__Problem__. Would you write out the full listing exactly, without any pictures?

__Given material__.
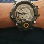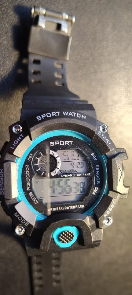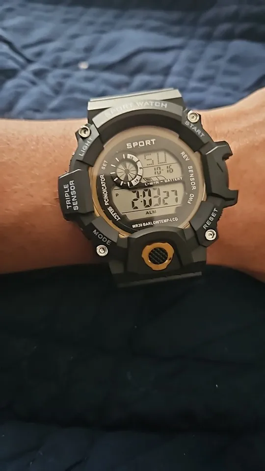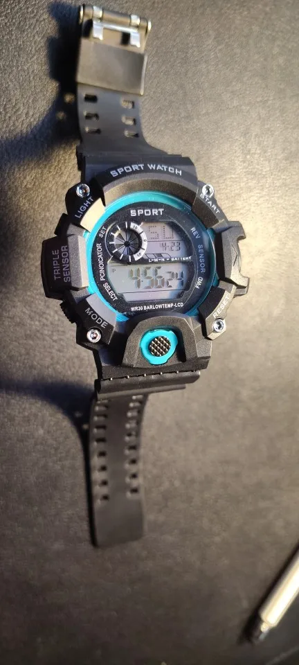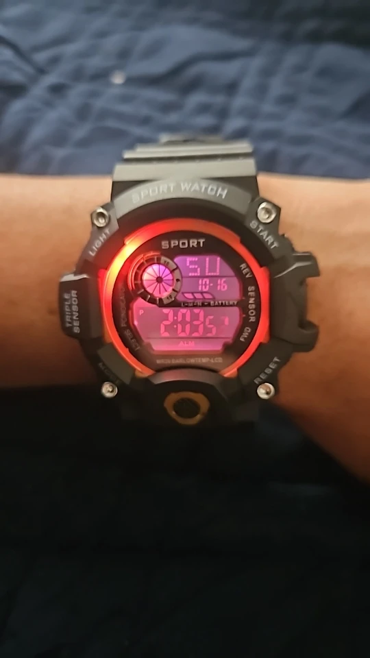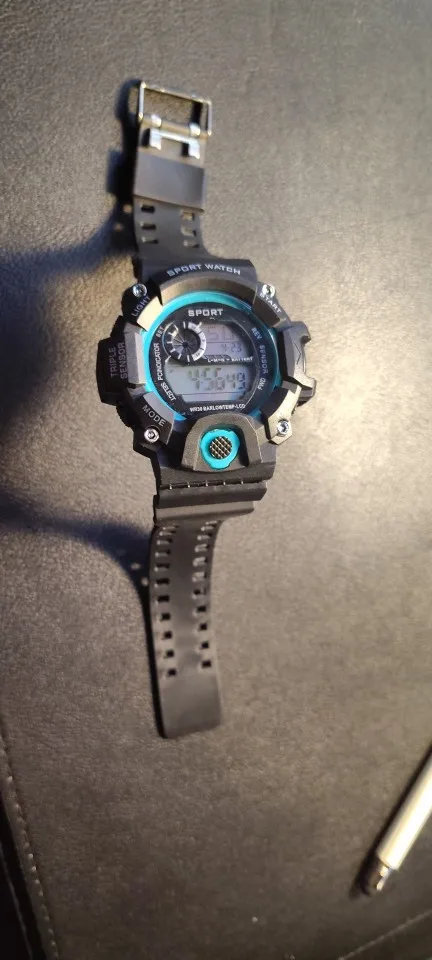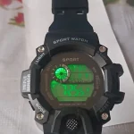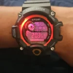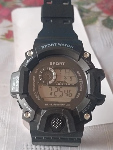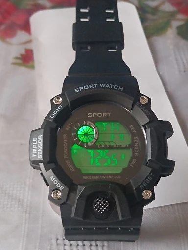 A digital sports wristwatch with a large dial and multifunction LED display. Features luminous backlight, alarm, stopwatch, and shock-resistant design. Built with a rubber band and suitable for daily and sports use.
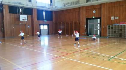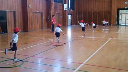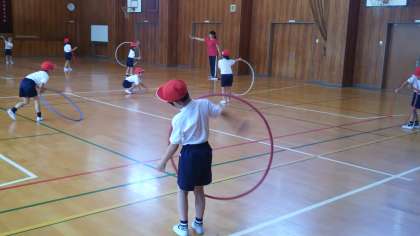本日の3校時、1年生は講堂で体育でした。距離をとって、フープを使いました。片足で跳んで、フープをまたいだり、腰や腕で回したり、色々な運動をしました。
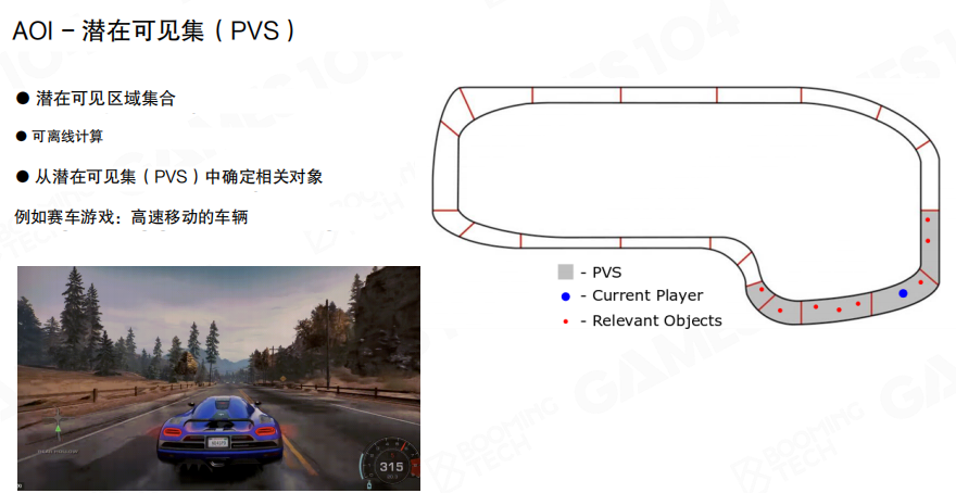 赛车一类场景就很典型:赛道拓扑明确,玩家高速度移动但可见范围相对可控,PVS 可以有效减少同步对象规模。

__Answer below__.
 A digital sports wristwatch with a large dial and multifunction LED display. Features luminous backlight, alarm, stopwatch, and shock-resistant design. Built with a rubber band and suitable for daily and sports use.
本日の3校時、1年生は講堂で体育でした。距離をとって、フープを使いました。片足で跳んで、フープをまたいだり、腰や腕で回したり、色々な運動をしました。
 赛车一类场景就很典型:赛道拓扑明确,玩家高速度移动但可见范围相对可控,PVS 可以有效减少同步对象规模。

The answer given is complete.